Retail Sales Acceleration Helps Pound Sterling US Dollar (GBP/USD) Exchange Rate Recover Ground
An unexpectedly positive set of UK retail sales figures helped the Pound Sterling to US Dollar (GBP/USD) exchange rate return to an uptrend on Thursday morning.
As sales excluding auto fuel surged 3.8% on the year in June this suggests that consumers largely shrugged off Brexit-based anxiety at the end of the second quarter.
This naturally improved the appeal of Pound Sterling (GBP), even in the wake of the latest bout of market anxiety over the threat of the UK crashing out of the EU without a deal.
As forecasts had pointed towards a contraction in sales on the month investors took encouragement from a solid 1% monthly growth in spending.
While political worries remain this was not enough to prevent the GBP/USD exchange rate from rallying, recovering from its recent two-year low.
US Dollar (USD) Looks for Support on Manufacturing Index Rebound
Demand for the US Dollar (USD) could pick back up on Thursday afternoon if July’s Philadelphia Fed manufacturing index rebounds as forecast.
Investors expect to see the index strengthen from 0.3 to 5.0 on the month, signalling a greater level of resilience within the manufacturing sector.
As the risk of a further souring in US trade relations remains signs of a stronger manufacturing sector could encourage a greater degree of confidence in the economic outlook.
Evidence that the US economy regained some of its lost momentum at the start of the third quarter would offer the US Dollar a fresh boost against its rivals.
However, even a sharp increase here is unlikely to materially alter the odds of an imminent Federal Reserve interest rate cut.
If June’s leading index also shows an improvement on the month this could put further downside pressure on the GBP/USD exchange rate.
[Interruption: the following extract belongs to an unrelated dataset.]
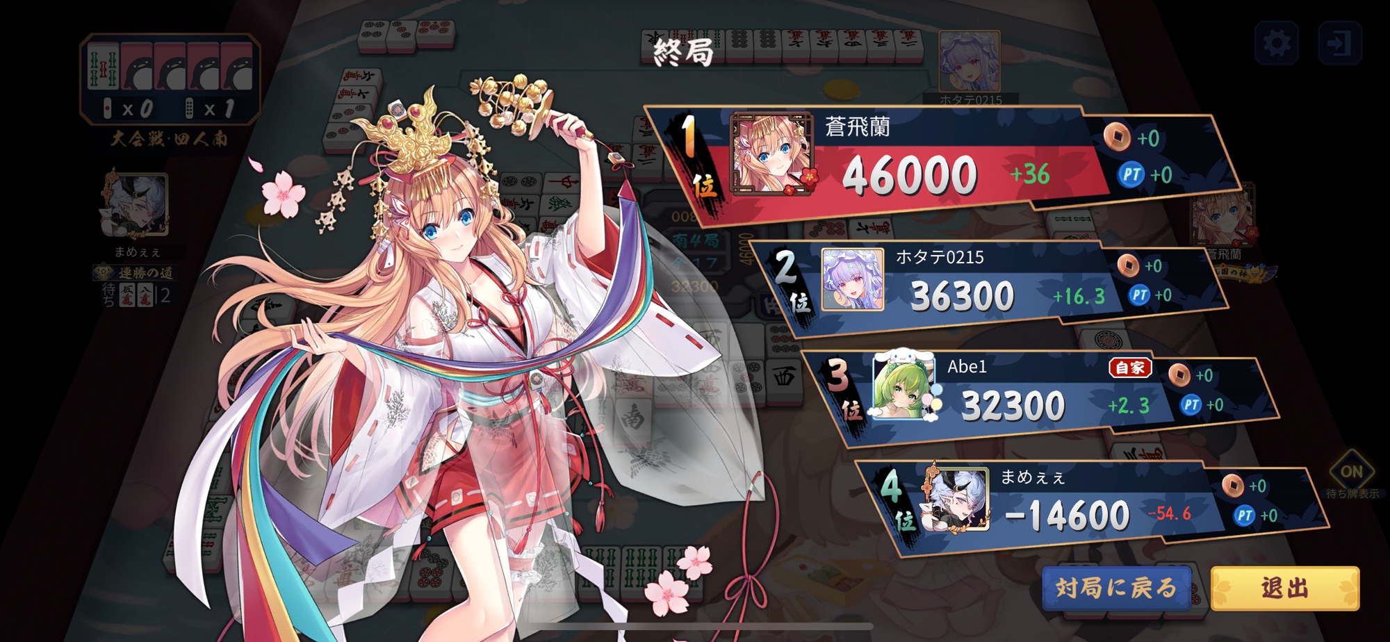 南1局は蒼飛蘭選手がすいこ選手から満貫を出アガるが、南2局はあべ選手・のどぐろ選手の2人テンパイで流局。

Narrowed Borrowing Deficit Forecast to Boost GBP Exchange Rates
With forecasts pointing towards a narrowing of the UK public sector net borrowing deficit in June the Pound could find another rallying point ahead of the weekend.
Signs that government borrowing eased at the end of the second quarter may improve confidence in the underlying health of the UK economy in the short term.
On the other hand, a widened deficit could see the Pound slump across the board once again.
Even so, politics looks set to remain the primary influence on GBP exchange rates in the near future as the Conservative leadership contest draws to a close.
As long as the risks of a no-deal Brexit remain heightened the mood towards Pound Sterling may sour further, leaving the GBP/USD exchange rate with the potential to fall to a fresh multi-year low.
Unless the successful leadership candidate rows back on previous hard-line comments on Brexit the Pound could remain on the back foot in the weeks ahead.